AIM： To investigate the inhibitory effect of VP22 fusion protein-based dominant negative （DN） mutant on Hepatitis Bvrus （HBV） replication. METHODS： Full-length or truncated fragment of VP22 was fused to C terminal of HBV core protein （HBc）, and subcloned into pcDNA3.1 （-） vector, yielding eukaryotic expression plasmids of DN mutant. After transfection into HepG2.2.15 cells, the expression of DN mutant was identified by immunofluorescence staining. The inhibitory effect of DN mutant on HBV replication was indexed as the supernatant HBsAg concentration determined by RIA and HBV-DNA content by fluorescent quantification-PCR （FQ-PCR）. Meanwhile, metabolism of HepG2.2.25 cells was evaluated by MTI- colorimetry. RESULTS： VP22-based DN mutants and its truncated fragment were expressed in HepG2.2.15 cells, and had no toxic effect on host cells.
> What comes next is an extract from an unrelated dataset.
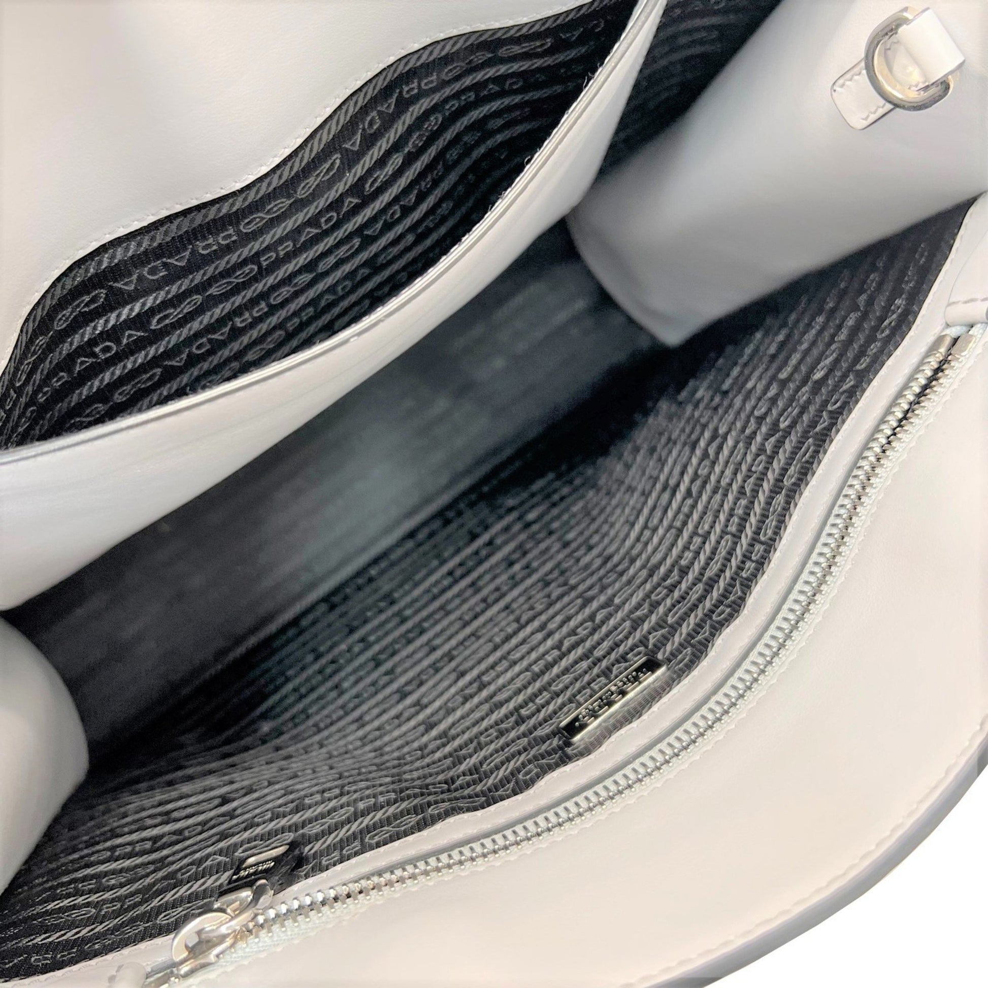 The handbag Triangle logo of the famous brand Prada, made of leather with an elegant and timeless design, is a fashion accessory well suited for women. With its gray color and its high-quality material, this handbag is both functional and aesthetic.

DN mutants could inhibit HBV replication and the transduction ability of mutantbearing protein had a stronger inhibitory effect on HBV replication. DN mutants with full length of VP22 had the strongest inhibitory effect on HBV replication, reducing the HBsAg concentration by 81.94%, and the HBV-DNA content by 72.30%. MTT assay suggested that there were no significant differences in cell metabolic activity between the groups. CONCLUSION： VP22-based DN mutant can inhibit HBV replication effectively.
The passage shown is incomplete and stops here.